The bill would have exempted certain digital currencies from being regulated as securities under the Colorado Securities Act.
Colorado’s blockchain bill, House Bill 1426, would have also been a boon for innovation in the state was making its way through the State Assembly but got derailed abruptly on Wednesday in a vote.
HB 1426 was all but on its way to the governor’s desk after seemingly passing both the House and Senate votes. But the approval of the bill by the Senate was overturned when in a final vote a couple of state senators had a change of heart. The final tally in the third reading of the bill was 17 yea votes and 18 nay votes.
At the heart of the bill, and seemingly the chief point of contention, was the open blockchain token , which is defined as a “digital unit” that is “capable of being traded or transferred between persons without an intermediary or custodian of value.” An open blockchain token would not have met the criteria as a security if its issuers didn’t promote it as an investment, it wasn’t exchanged for goods or services and, it “had not been entered into a repurchase agreement.”
If a digital currency didn’t qualify as an open blockchain token, it would be deemed a security and would have been required to register as such.

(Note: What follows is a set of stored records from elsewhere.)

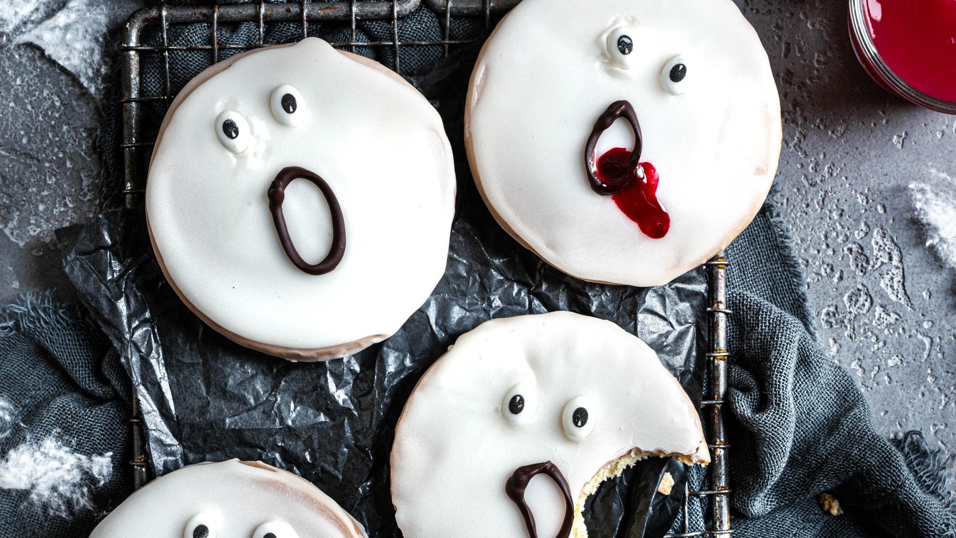 - Die Schokolade grob hacken, im heißen Wasserbad schmelzen, in einen Gefrierbeutel geben und eine kleine Ecke abschneiden. Mit der flüssigen Schokolade auf den getrockneten Zuckerguss der Mini-Amerikaner "Geister-Gesichter" zeichnen. Mit Zuckerguss Augen ankleben. Nach Belieben mit etwas Zuckerschrift in Rot "Blutspuren" ergänzen. Trocknen lassen.
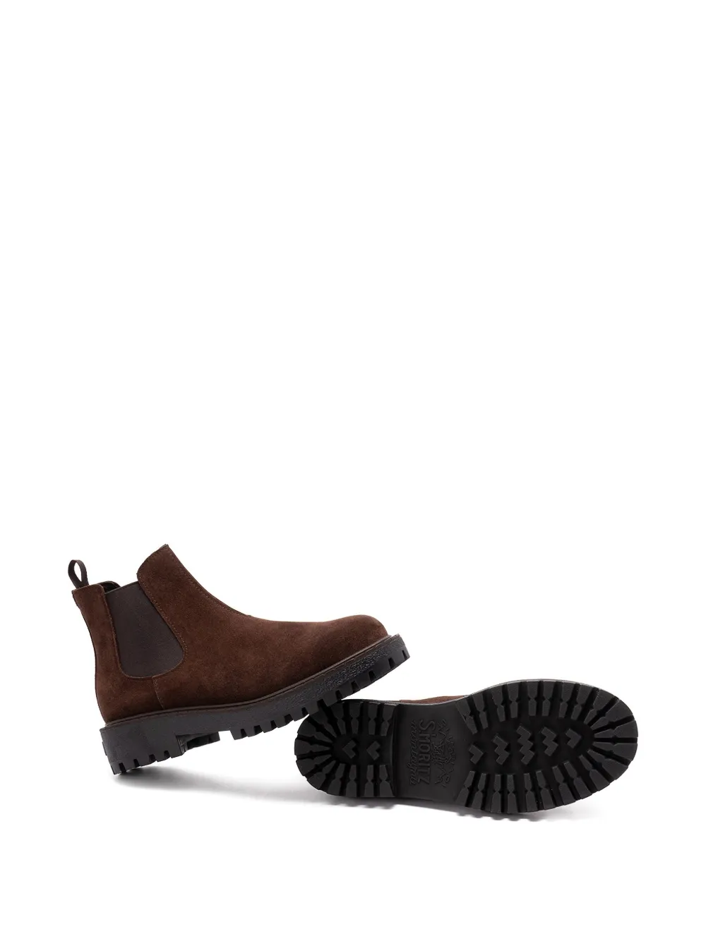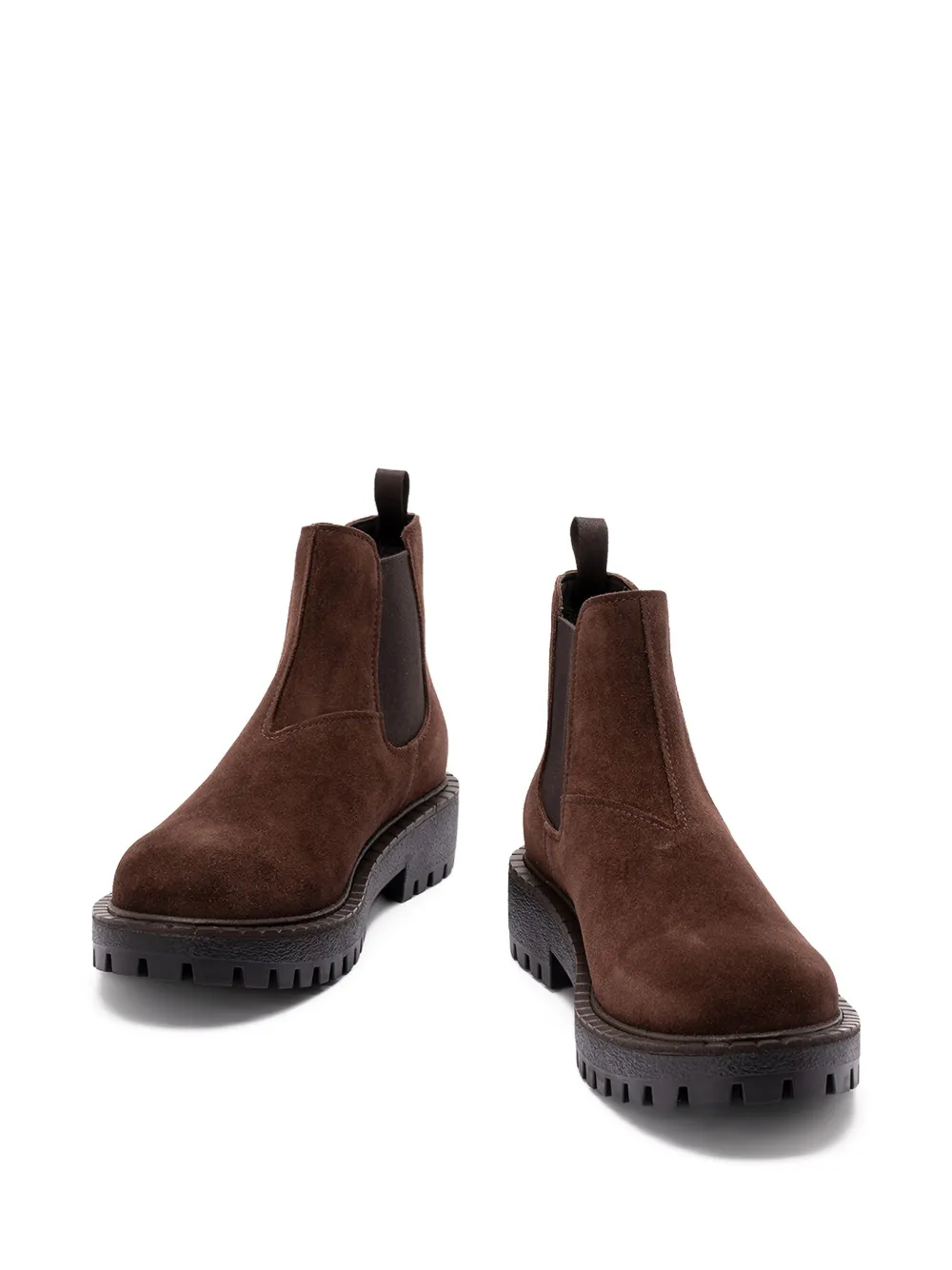 Коричневыйзамшаэластичные боковые вставкикруглый носмассивная резиновая подошва
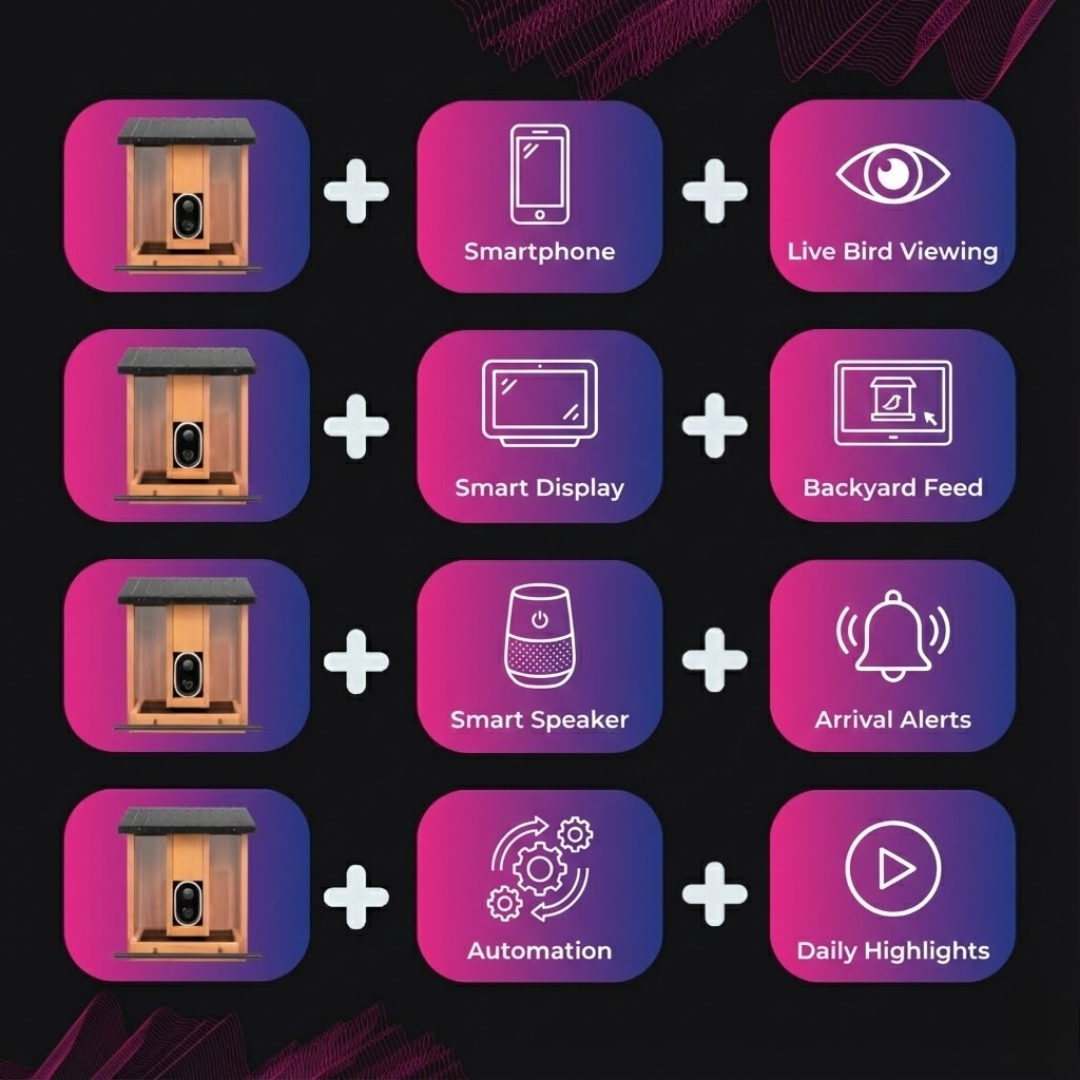 The Smart bird feeder works seamlessly with smart speakers and mobile devices. Check your backyard visitors using voice assistants or smart displays from anywhere in your home.

In hindsight, the bill was a risky proposition given that SEC Chairman Jay Clayton has made it clear that he has yet to see an ICO token that doesn’t fit the description as a security.
Despite its controversy, the bill would have rolled out the welcome mat for more innovation in the state and given blockchain startups looking to ICO more regulatory clarity than what they’re receiving from the Wall Street watchdog, the SEC.
The failure of the bill seemingly took the wind out of the sails of Senator Tim Neville, a Republican and one of the bill’s architects who reportedly called the result an “epic fail.” The points of failure as it pertains to the bill were reportedly the Colorado Attorney General Cynthia Coffman and the Colorado Department of Regulatory Affairs. Attorney General Cynthia Coffman told the Denver Post :
“The language in HB14-26 that would have carved out open blockchain tokens from the definition of a security under the Colorado Securities Act was overly broad and vague. The language would have created immunity from criminal liability for someone who commits securities fraud in that context, putting Colorado consumers at risk. That is why my office opposed the bill.”
Senators Lucia Guzman and Daniel Kagan both voted no in the final count after previously supporting the bill, and the Attorney General’s reluctance was a deciding factor, at least in the case of Guzman.